How could I adjust this code to have the function loop through the list models_2? If I have the function use models it works, if I change to `models_2' it give me this error:
AttributeError: 'float' object has no attribute 'seek'
This is my dataframe, from an excel with all cell format set to "text".
MOD1 MOD2 MOD3 MOD4
0 File1.pdf File3.pdf File1.pdf File3.pdf
1 File2.pdf NaN File2.pdf File3.pdf
2 File3.pdf NaN NaN NaN
models = ['MOD1']
models_2 = ['MOD1', 'MOD2']
def merge_pdf(models):
merger = PdfFileMerger()
for name in models:
for index, row in df.iterrows():
merger.append(row[name])
merger.write(f"Order #XXXXXXX ({name}) Production Package - Rev.0.pdf")
merger.close()
merge_pdf(models)
The full error message:
PdfReadWarning: Xref table not zero-indexed.
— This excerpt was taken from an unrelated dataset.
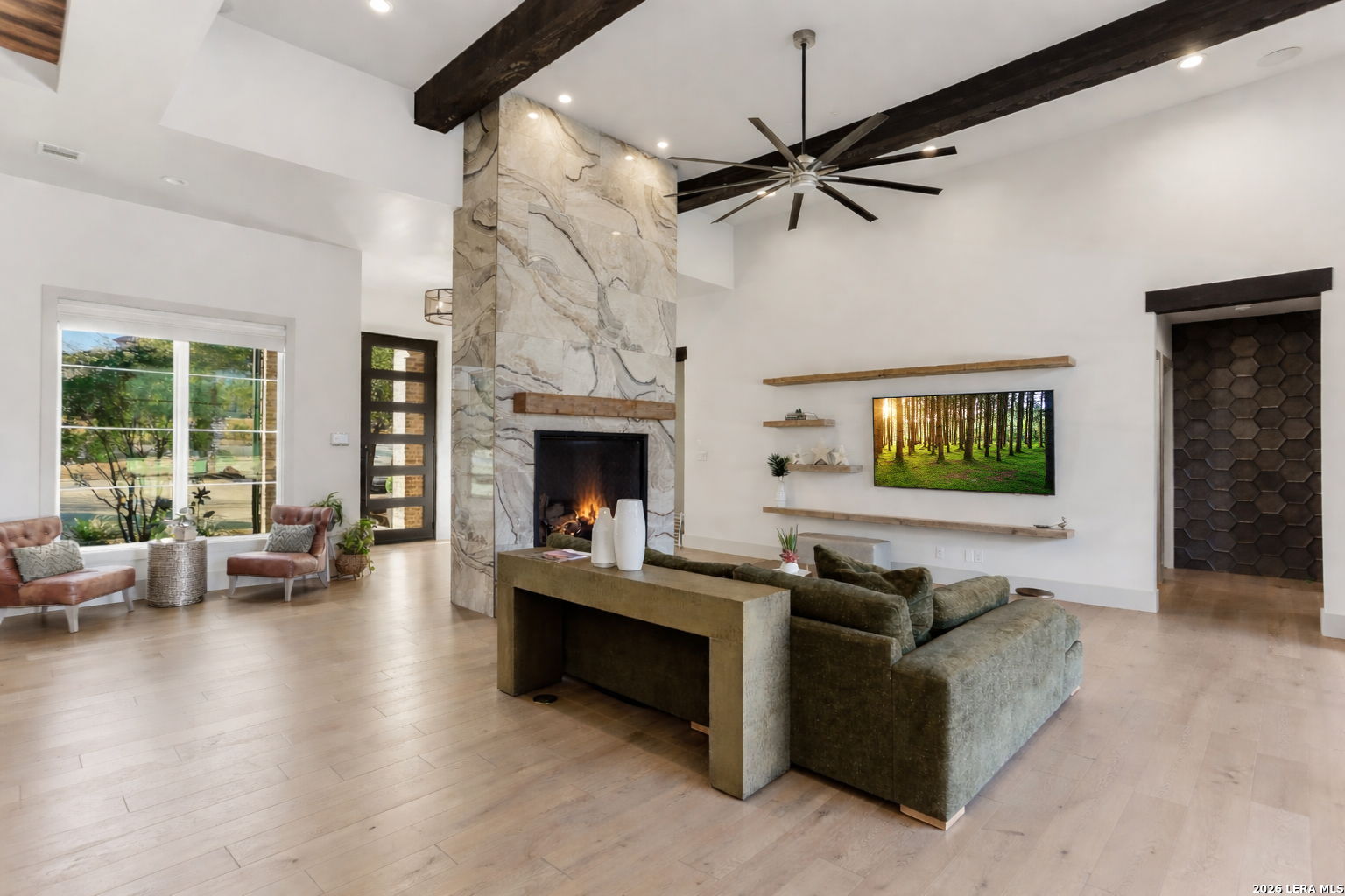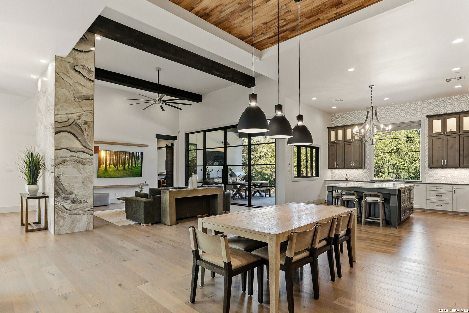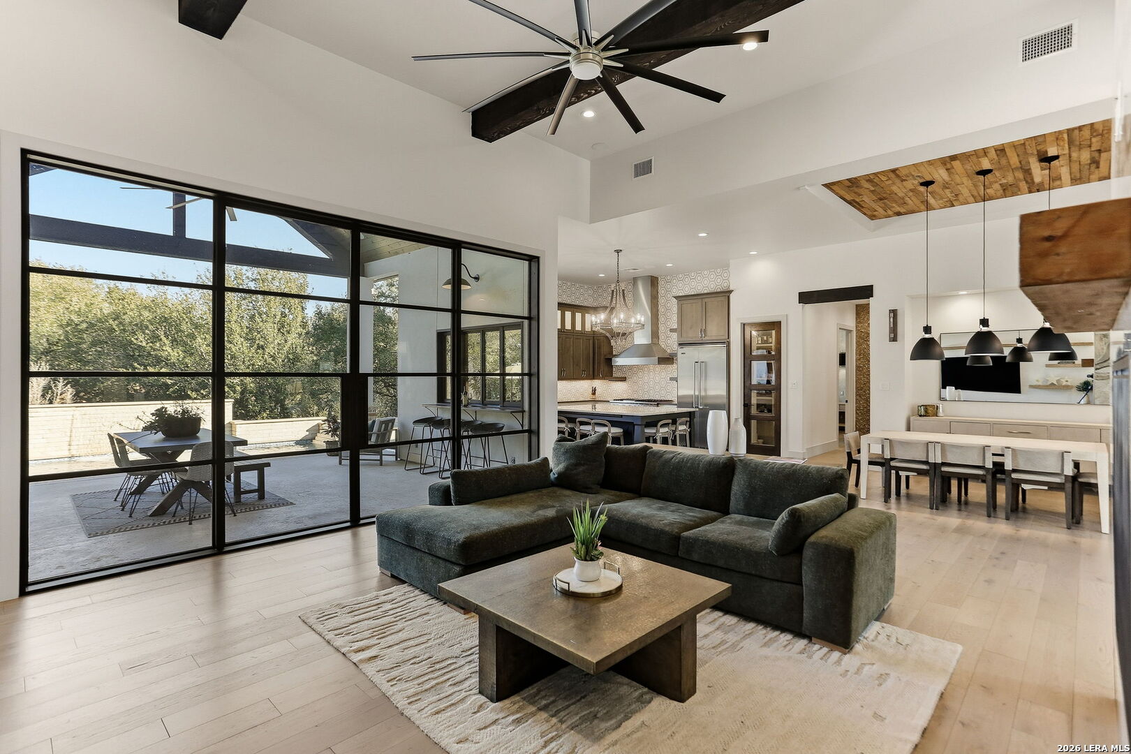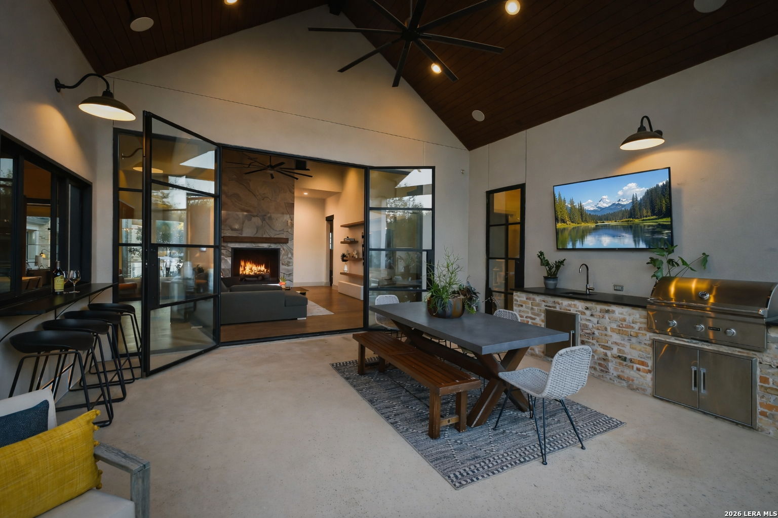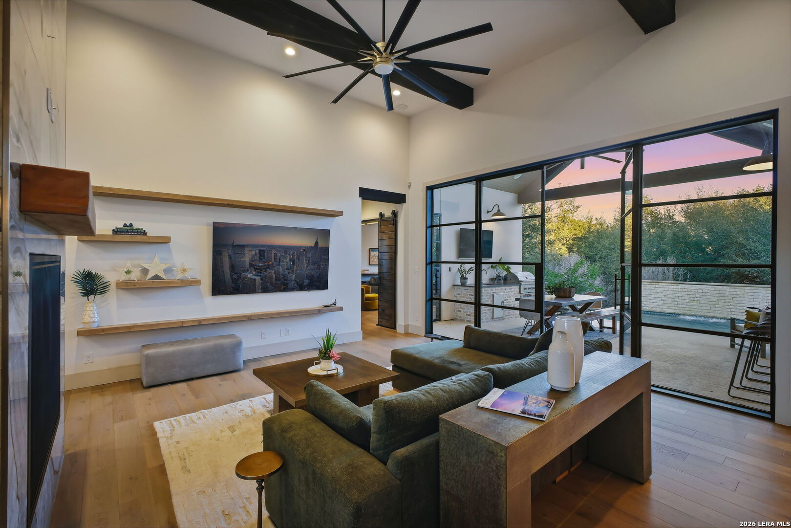 Two Homes. One Estate. Endless Possibilities. Nestled behind the prestigious gates of Cantera Hills, 9719 Midsomer Place presents a rare opportunity to own a private compound where scale, design, and flexibility converge. Set on 1.28 acres, this GSABA Parade of Homes "People's Choice" award-winning estate, built by Casadomaine, features two fully independent luxury residences-thoughtfully designed for multigenerational living, private guest accommodations, or income-producing potential. Spanning over 6,000 square feet of curated living space, both homes showcase bespoke finishes, soaring ceilings with exposed wood beams, and expansive windows that flood the interiors with natural light. Designer lighting, statement fireplaces, and retractable glass doors create a seamless blend of indoor and outdoor living. Each residence is anchored by a chef-inspired kitchen featuring top-tier stainless steel appliances and custom Michael Edwards cabinetry, flowing effortlessly into grand living spaces designed for both elevated entertaining and everyday comfort. The primary living quarters offer a true private retreat experience, complemented by spa-inspired baths and custom-designed closet, while additional suites provide comfort and privacy throughout. A dedicated office, wet bar, fitness space, and pet spa further enhance the home's thoughtful livability. Outdoors, a resort-style setting unfolds with a fully equipped pavilion kitchen, sparkling pool, spa, and cascading water features, creating an atmosphere equally suited for quiet relaxation or refined entertaining. With separate entrances, utilities, and garages for each residence, the estate offers both independence and cohesion within one of San Antonio's most desirable gated communities. Located just minutes from La Cantera, The Rim, and premier dining and shopping, this is a residence that delivers both privacy and proximity. A rare offering designed for those who expect nothing less than exceptional.

ID numbers for objects will be corrected. [_reader.py:1065]
Traceback (most recent call last):
File "Z:\PyCharm\Excel_Reader\Excel_Reader.py", line 30, in <module>
merge_pdf(models)
File "Z:\PyCharm\Excel_Reader\Excel_Reader.py", line 27, in merge_pdf
merger.append(row[name])
File "C:\Users\x\AppData\Local\Programs\Python\Python39\lib\site-packages\PyPDF2\merger.py", line 227, in append
self.merge(len(self.pages), fileobj, bookmark, pages, import_bookmarks)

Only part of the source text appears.